血友病インヒビターとBAY86-6150(rFVIIa)

今回紹介させていただくJ Thromb Haemost 誌の論文では、遺伝子組換え活性型第VII因子製剤(rFVIIa:ノボセブン)の改良型であるBAY86-6150の第I相試験の結果を紹介しています。

ノボセブンは素晴らしい止血剤ですが、半減期が短いために頻回の投与が必要なことが問題点とされてきました。半減期の長い活性型第VII因子製剤の開発は、一つの方向性になっています。

 

参考:血友病後天性血友病


「改良型遺伝子組換え活性型第VII因子製剤の血友病患者への投与(第I相試験)」

著者名:Mahlangu JN, et al.
雑誌名:J Thromb Haemost 10: 773-780, 2012.


<論文の要旨>

BAY86-6150(BAY)は、新しいタイプの遺伝子組換え活性型第VII因子製剤(rFVIIa)であり、インヒビター含有血友病患者に対して優れた向凝固活性と長い半減期を有することが期待されています。

対象は、出血のしていない血友病A&B(中等症〜重症:18〜65歳)(インヒビター有無ともに含まれます)です。

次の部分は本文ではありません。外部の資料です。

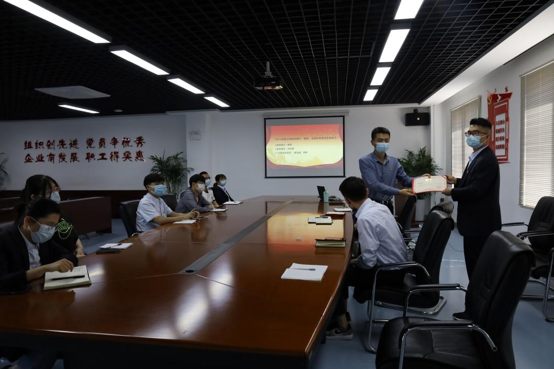 随后,团支部委员王怡欣宣读2021年度公司“优秀共青团员”、“优秀共青团干”“五四青年”名单,党支部委员郑迎广向获得荣誉的同事颁发证书。

16症例が、BAY(6.5, 20, 50, 90μg/kg)投与群またはプラセボ投与群へ無作為に分類されました。コホートデータをみてBAYの増量が行われました。


その結果、今回行われたBAY用量では、臨床的意義を有した有害事象や用量制限毒性はみられませんでした。

BAYの薬理動態の検討では、用量により直線的に反応し、半減期は5〜7時間でした。


乏血小板血漿(PPP)を用いたトロンビン形成試験においては、用量依存性のトロンビン形成がみられました。

また、PTおよびAPTTは短縮しました。

50日間の追跡でもBAYに対する中和抗体は出現しませんでした。


以上、BAYは90μg/kgの用量まで安全であり、今後第II&III相臨床試験によりBAYの有効性と安全性を評価すべきと考えられました。